A REPORT ON
"A PHYSICAL DEMONSTRATION OF
THE REAL EXISTENCE OF
THE HOMEOPATHIC REMEDY"
by Alphonse Gay and Jean Boiron
Editions des Laboratories P.H.R., Lyon, France, 1953

Monument to Dr. C.F. Samuel Hahnemann, Scott Circle, Washington, D. C. erected by the American Institute of  Homeopathy and dedicated and presented to the U. S. Government on June 21, 1900. Sculptor, C. H. Niehaus.  Architect, J. F. Harder.
 This report was taken from James Stephenson, M.D.'s REVIEW OF INVESTIGATIONS INTO THE ACTION OF SUBSTANCES IN DILUTIONS GREATER THAN 1 X 10 -24 (MICRODILUTIONS) from the Journal of the American Institute of Homeopathy, November, 1955, Vol. 48, No. 11, pp. 327-335

     In 1951 Alphonse Gay demonstrated that microdilutions have dielectric indices which differ from their liquid vehicles and are specific both for the substances in dilution as well as for the degree of dilution. His apparatus consisted of "a type of capacitance, a mercury armature and a dielectric easily interchangeable . . . introduced in circuit with a galvanometer."

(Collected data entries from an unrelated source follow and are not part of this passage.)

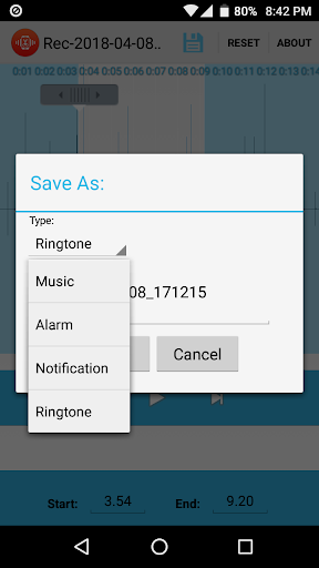 Cut the best part of your audio song and save it as your Ringtone/Alarm/Music File/Notification Tone.
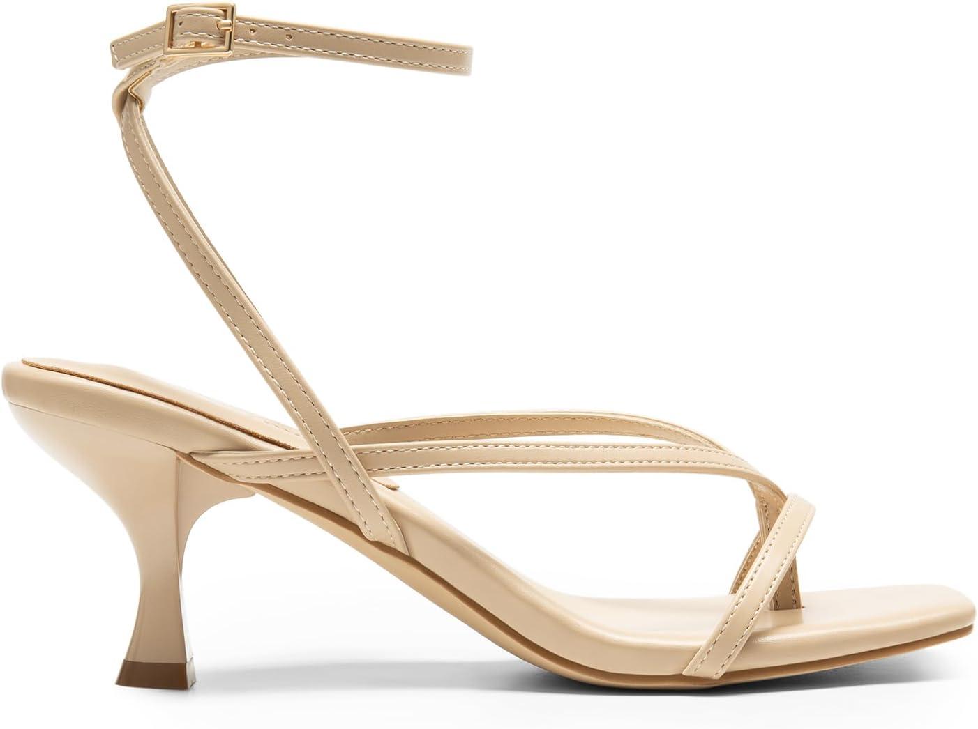 DREAM PAIRS Women's kitten Low Strappy Lace Up Heels Open Square Toe Thong Ankle Strap Heels Sexy Fashion Comfort Dress Shoes Party Sylvestra Pumps Heeled Sandals(Nude-pu)
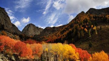位于景区门口不远处的白桦林和石门停车处附近的红叶沟都非常适合秋天观看,树叶或金黄或火红,都十分绚烂,秋天时林子背后的山峰也都开始积雪,好像美丽的雪山。此时树叶、河流和雪山相映,正是拍摄大片的好时机。

     The changes in capacitance of the various microdilutions were recorded as fluctuations of the galvanometer from zero. He obtained sinusoidal curves for microdilutions ranging up to 10 to the 60th power of Strychnos nux vomica, Pulsatilla nigricans, Lycopodium clavatum, Cinchona officinalis, Ignatia amara, Castoreum, Moschus, sodium chloride and Sepia officinalis.
     In 1952 Gay and Boiron reported the result of a series of exhaustive investigations into the action of microdilutions . In a comparison between the capacitance of distilled water and sodium chloride, carried through identical stages of dilution to 10 to the sixtieth power, both dilutions gave sinusoidal curves which approximated each other fairly closely except that at 10 to the 26th, 38th and 54th power they were in direct opposition.

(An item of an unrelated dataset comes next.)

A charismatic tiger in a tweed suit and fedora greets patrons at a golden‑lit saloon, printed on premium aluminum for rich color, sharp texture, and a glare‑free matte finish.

     In addition they found that "Ohms law is not applicable for microdilutions . . . that the electrical resistance is not linear for frequencies between 1.050 and 2.650 periods per second."

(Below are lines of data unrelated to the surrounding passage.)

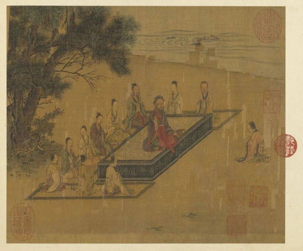 从明代仇英《摹宋人村童闹学图》可以看到宋代学堂的热闹景象。画中,一个半秃的私塾先生在睡午觉,东坡巾已被偷走。青衣小孩拿着毛笔回头,旁边坐着红衣小孩。虽然他写了几个“上大人孔乙己”,但明显身在曹营心在汉。左边的小孩持书追赶同伴,中间的小孩躺在桌上,像杂技演员一样蹬着凳子。右边的小孩正顶着书做鬼脸。紫衣小孩蹲在地上,给打瞌睡的老师画像。另一个小孩画了胡子,顶着茶壶,披着草书的长卷,拿着戒尺当笏板,装模作样地把老师当成皇帝来拜。可怜这位私塾先生正酣然入睡,却不知学生们正在大闹天宫。
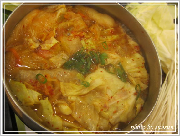 靜芬的豬肉韓式泡菜鍋(270元)有滿滿的泡菜,喝了幾口,滋味果真又酸又辣又香,非常過癮。
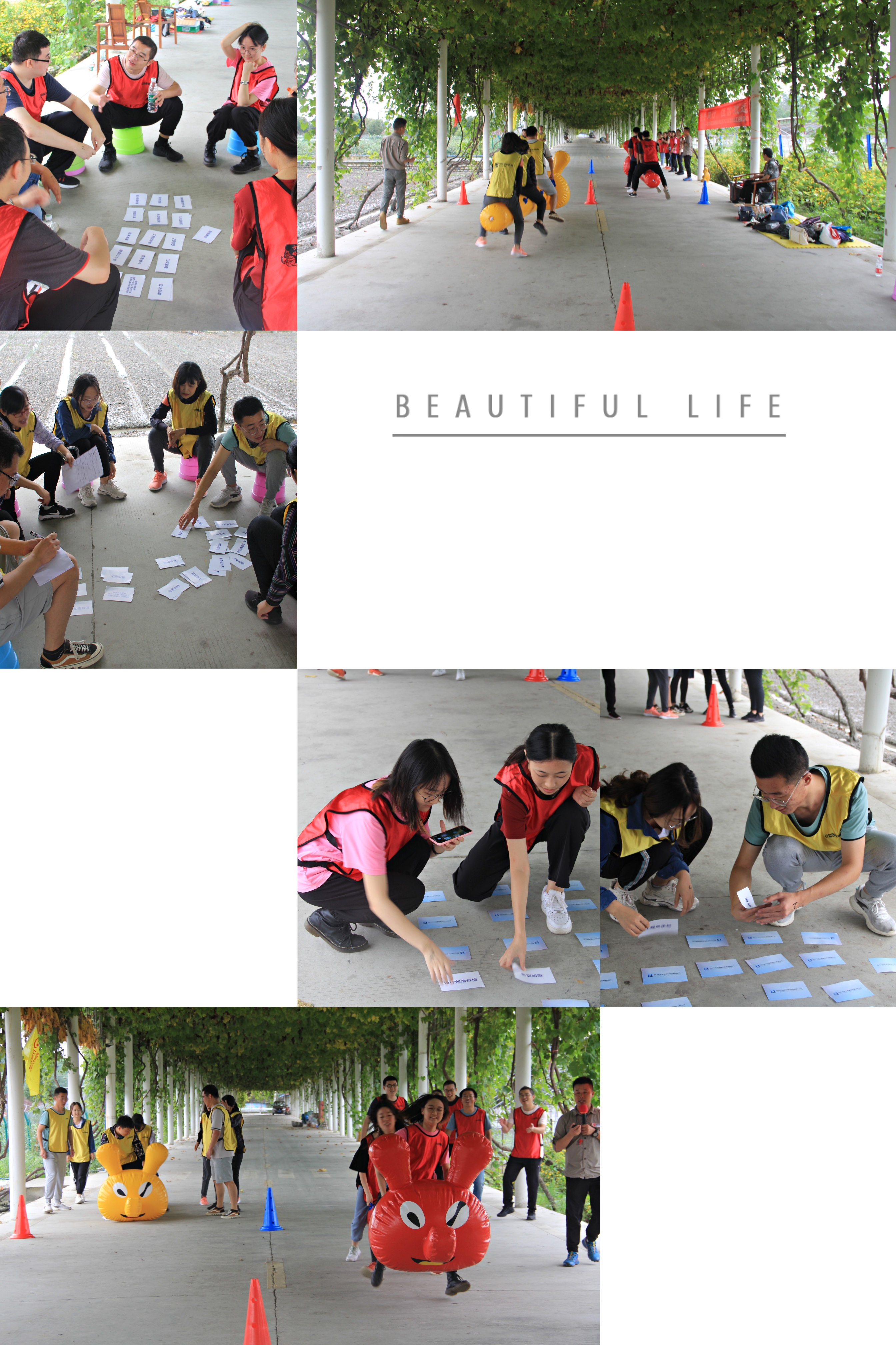 “快乐毛毛虫”项目由两队分三组进行接力比拼,最先抵达终点的团队获胜。在活动中考验的是如何根据团队自身的条件进行资源整合,制定好的计划策略及成员间的相互协作。最终火箭队以绝对优势取得了胜利。

     In 1953 Gay extended his work in collaboration with Jean Boiron. Using the same apparatus, in 100 out of 100 attempts they were able to distinguish  a flask containing sodium chloride, diluted out 10 to the 54th power, (which by my reckoning is the same as 27c and is well beyond Avogadro's limit -j.b.) from six other identical flasks containing distilled water.